When I was young and fresh out of college, I wanted to be a 4th grade teacher. I student taught in 4th grade with the greatest cooperating teacher a young person could ask for, so I thought that was the grade that would provide the best fit. Funny how your ideal grade changes when you have college loans, and get offered a job teaching first grade in a city school in a city you never visited before...

I’ve been pretty open about my struggles as a student. Retained in fourth grade, lost my dad to cancer when I was in fifth, and then struggled through school to the point that I graduated near last in my class. I even had two failed attempts at community college before the right people, situations, and maturity all entered into my life.

Truth is though, I had a bit of a chip on my shoulder. No one knew what I had been through, so therefore no one could really tell me anything I didn’t already know. And then I had students walk into my classroom. Students changed everything in my world.

To protect the innocent, I will call one of them Tom. Tom had CPS at his house more times than I could count, lost his mom at a young age, and had two brothers who thought it was funny to turn on the stove and have him reach for a cup over it, not knowing the stove was on. After burning himself once or twice, he knew not to trust his own brothers anymore.
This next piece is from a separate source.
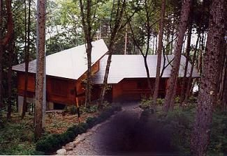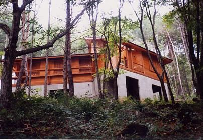 蓼科の別荘分譲地内に当社で設計した建物が10棟ほど在りますがその内の2棟を紹介しています。各々敷地状況、環境にあわせ特徴を持っていますが共通点は環境になじんだ材料、空間構成となっており特に外壁を地場産の唐松を竪横張り分け使用し、建具のクロス格子がアクセントになっています。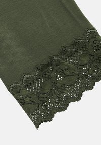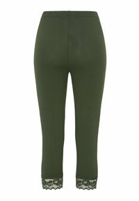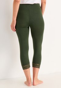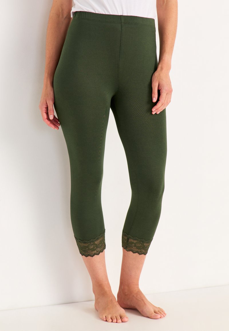 Vrouw die olijfgroene cropped leggings met kanten rand draagt, blootsvoets staand tegen een witte muur.

Then there was James. He had five older siblings with five different fathers. He was small for his age, but he had an attitude twice his size, and even in first grade he went after 4th graders to show he was as tough as they were. His mother was arrested for crack, and he still showed up to school the next day. Where else did he have to go?

I’d love to say that those are the only two examples of students with hard lives, but they are only a fraction of the students who came from backgrounds that I could never imagine. People outside the profession are reading this not sure they can believe it, and teachers, especially those in city schools, are reading this thinking, “Yeah, that happens all the time.”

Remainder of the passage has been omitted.